Abou Cissé demande à la Cpi de mettre fin au procès basé sur le mensonge

Attendu et une fois dans l’arène, le patriarche et tribun Abou Cissé a créé l’hystérie et l’émeute de la part des villageois qui ont vibré aux paroles fortes de l’orateur. «Vous êtes le symbole qui fait mentir les oiseaux de mauvais augure, vous démontrez que les comploteurs de la Cpi ont accusé à tort Laurent Gbagbo. Vous démontrez que la religion n’a pas coloration ethnique. Nous sommes ici pour traduire notre admiration pour deux raisons. Vous êtes là pour Gbagbo et en même temps vous êtes musulmans. Vous démontrez que la religion que la religion musulmane ne se trouve pas seulement qu’au Nord», a relevé l’orateur qui interpellé la CPI sur les réalités ivoiriennes qui sont loin d’être les mensonges exposés par les accusateurs.

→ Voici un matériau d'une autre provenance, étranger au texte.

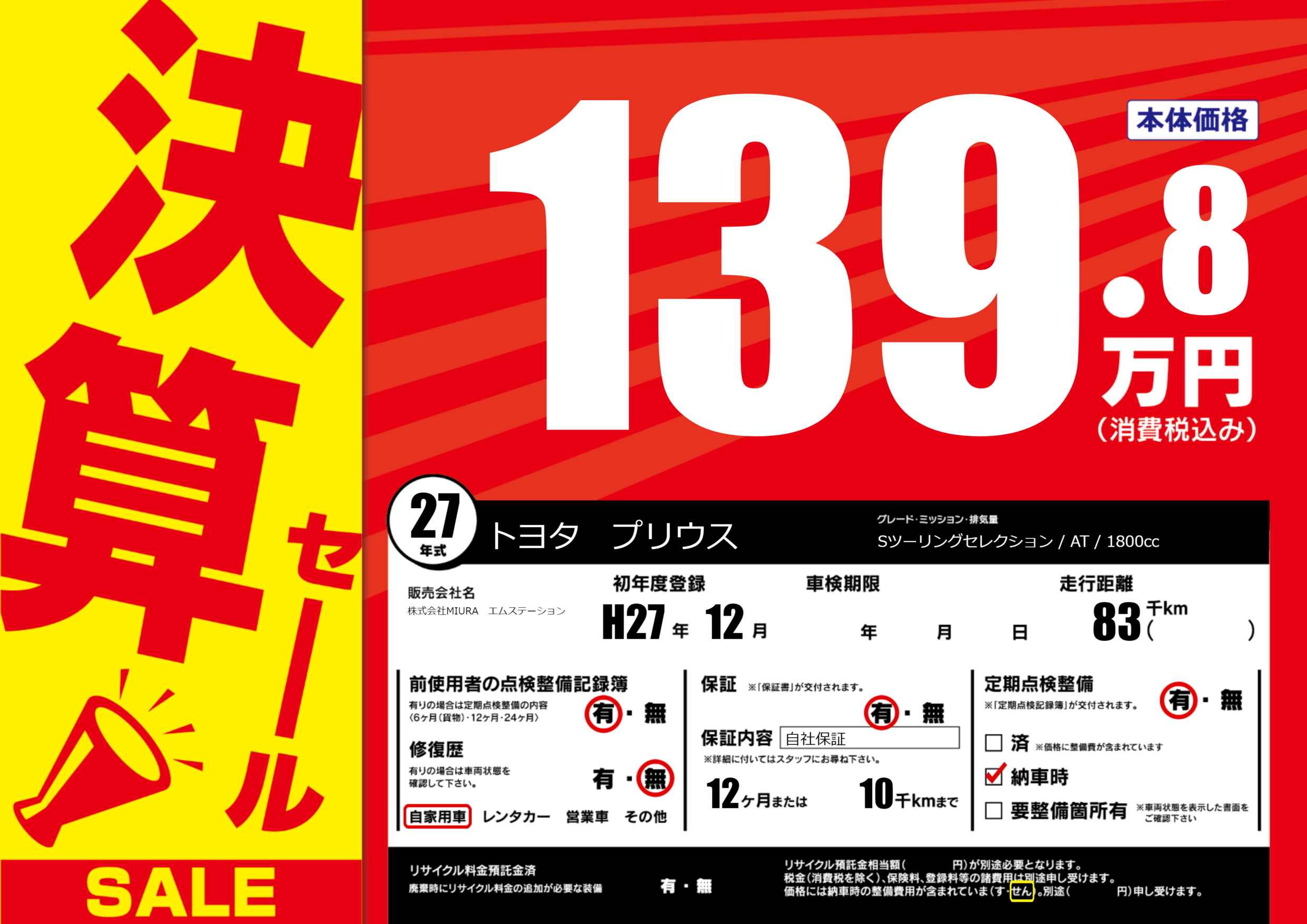 保証付き 保証内容(自社保証) 12ヶ月または(10)千kmまで |

«Nous parlons pour que La Haye entende que village est pays Bété mais il y a des musulmans. A commencer par l’imam qui est Bété mais qui parle l’arabe. Nous voulons que la Cpi entende la voix du peuple, pour qu’elle sache que ceux qui ont menti ont menti à cause de nos matières premières», a soutenu Abou Cissé relève que Gbagbo n’a rien à avoir avec les charges qu’on lui impute et a demandé à ce titre de mettre fin au procès le détenu. Il a invité enfin les villageois à garder la foi et de ne jamais désespérer car Gbagbo va être libéré . Autres révélations, Abou Cissé a fait savoir qu’il a dit Alassane Ouattara que le fait d’avoir fait déporter Gbagbo, était son dernier totem qu’il venait de violer. «Vous avez eu la foi et Gbagbo est dans la victoire de Dieu sur l’injustice», a t-il conclu sur mots d’espoir à l’endroit des villageois.